One focus of the current project will be on the stabilizing dimension of ethnicity. In this context, material already collected in northern Benin will be compared with data found in the ethnographic literature dealing with various groups that place great emphasis on otherness when interacting.

A second focus will be on issues of identity dynamics among the Fulbe, especially in northern Benin and northern Cameroon. In the latter area, two Fulbe populations which have developed different local forms of collective identity can be found. These are the so-called ‘settled Fulani’, or Huya, and members of the section of the Fulbe which, in the literature, stands for a very mobile cattle-keeping group and which is often referred to as Mbororo.

In each of these groups ‘trans-Fulbeisation’ processes have been recorded. Those which affect the Mbororo have increased during the last years.

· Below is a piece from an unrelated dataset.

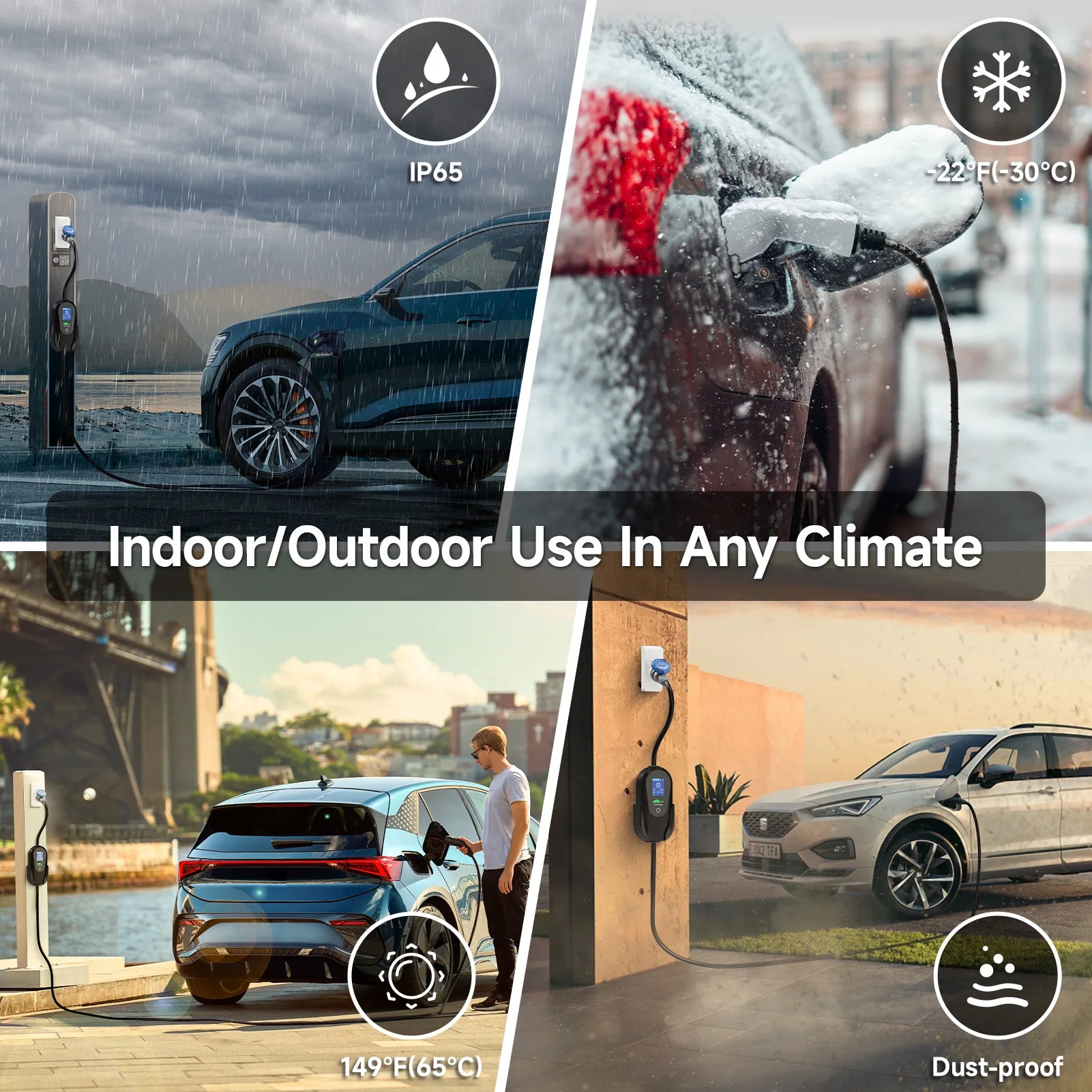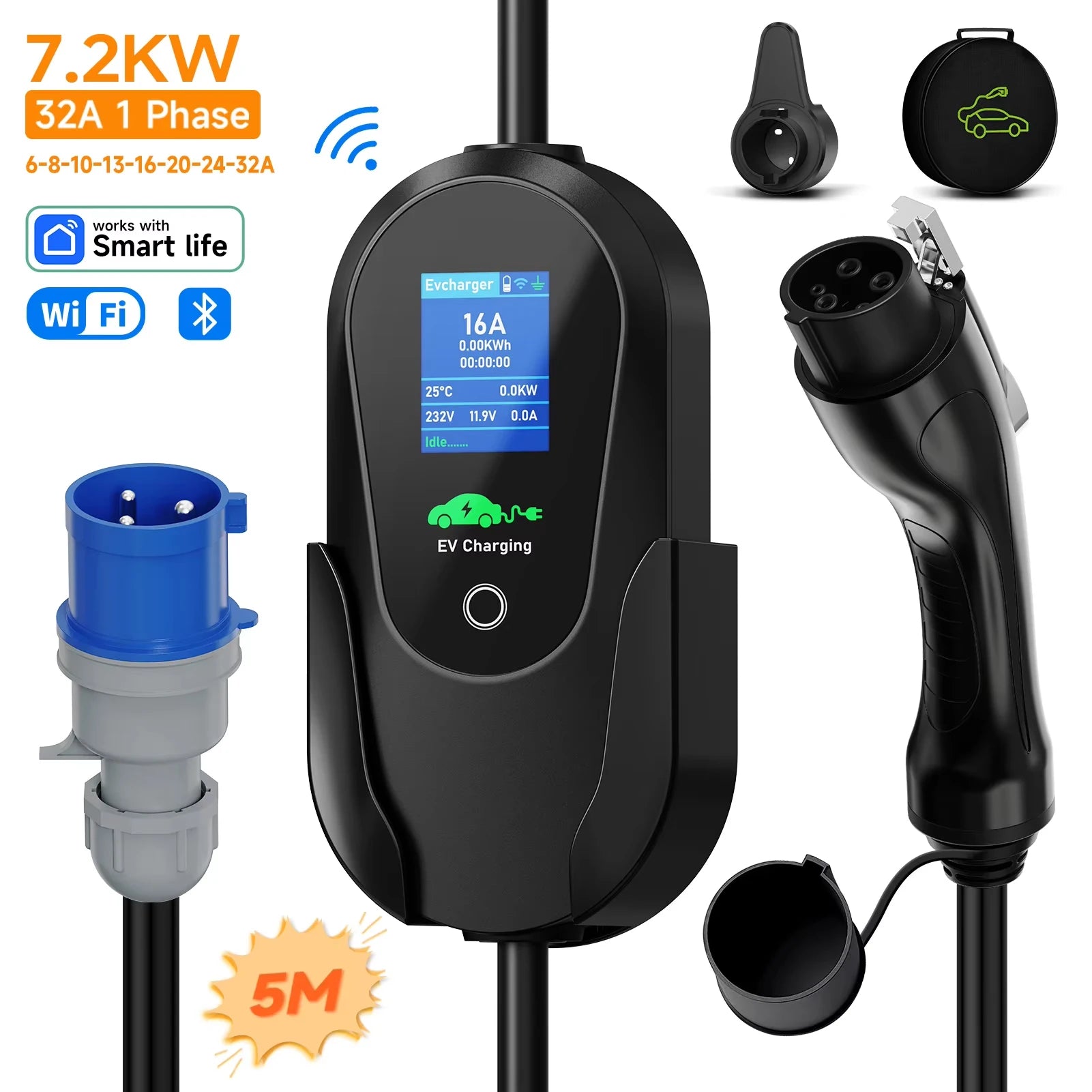 AFEEV Type2 IEC 62196-2 Portable EV Charger 7.2KW 32A Type1 SAEJ1772 Wallbox EVSE Fast Charging Cable WiFi APP Bluetooth Control

Many of them are now engaged in adjusting their sub-ethnicity to the one displayed by the Huya, who occupied a hegemonic position in the past and who are reputed for the great porosity of their boundaries. Their sub-ethnicity has indeed a high incorporative character, particularly with regard to non-Fulbe. Significant numbers of these populations have been absorbed into the Huya category or are involved in a process of ethnic passing. Such changes in identity are said to be easy. Nevertheless, it takes two or three generations before total assimilation will be accomplished. Theoretically speaking, this is also valid for the Mbororo. Their ‘Fulbeness’ does not function as a prerequisite for a more rapid, complete and permanent transcending of the boundaries that separate them from the Huya. In practice, even those who began to adopt elements of the Huya sub-ethnicity about eight decades ago do not seem to be on the path to end up as Huya. Thus, there is no noticeable decline in the salience of the Mbororo category.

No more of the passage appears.